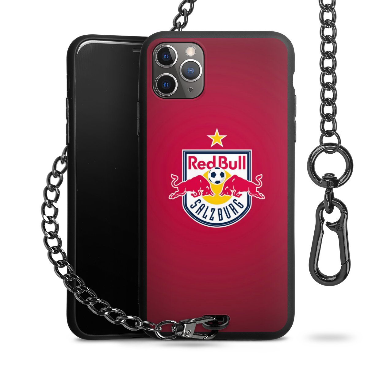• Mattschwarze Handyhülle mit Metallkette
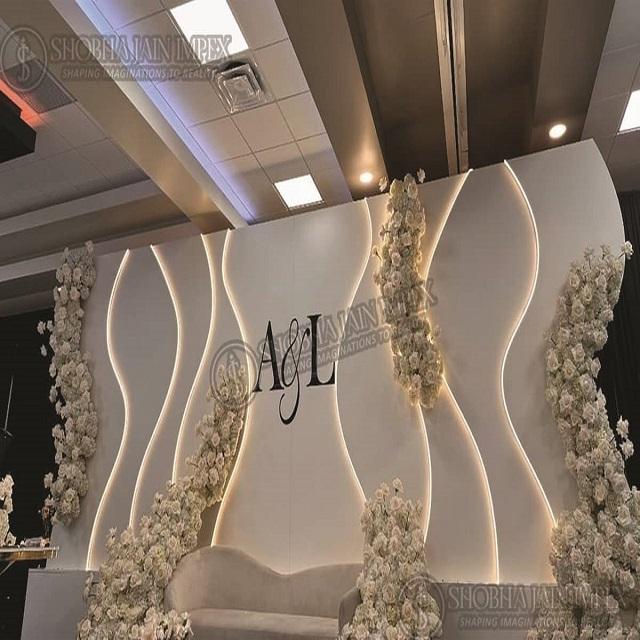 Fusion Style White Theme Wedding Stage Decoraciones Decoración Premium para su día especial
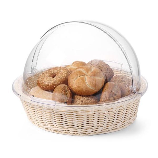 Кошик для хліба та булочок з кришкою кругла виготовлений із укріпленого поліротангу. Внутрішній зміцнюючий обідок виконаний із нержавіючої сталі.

* About this task: For every line above, produce an exact transcription that omits the images.

* Expected output:
• Mattschwarze Handyhülle mit Metallkette
 Fusion Style White Theme Wedding Stage Decoraciones Decoración Premium para su día especial
 Кошик для хліба та булочок з кришкою кругла виготовлений із укріпленого поліротангу. Внутрішній зміцнюючий обідок виконаний із нержавіючої сталі.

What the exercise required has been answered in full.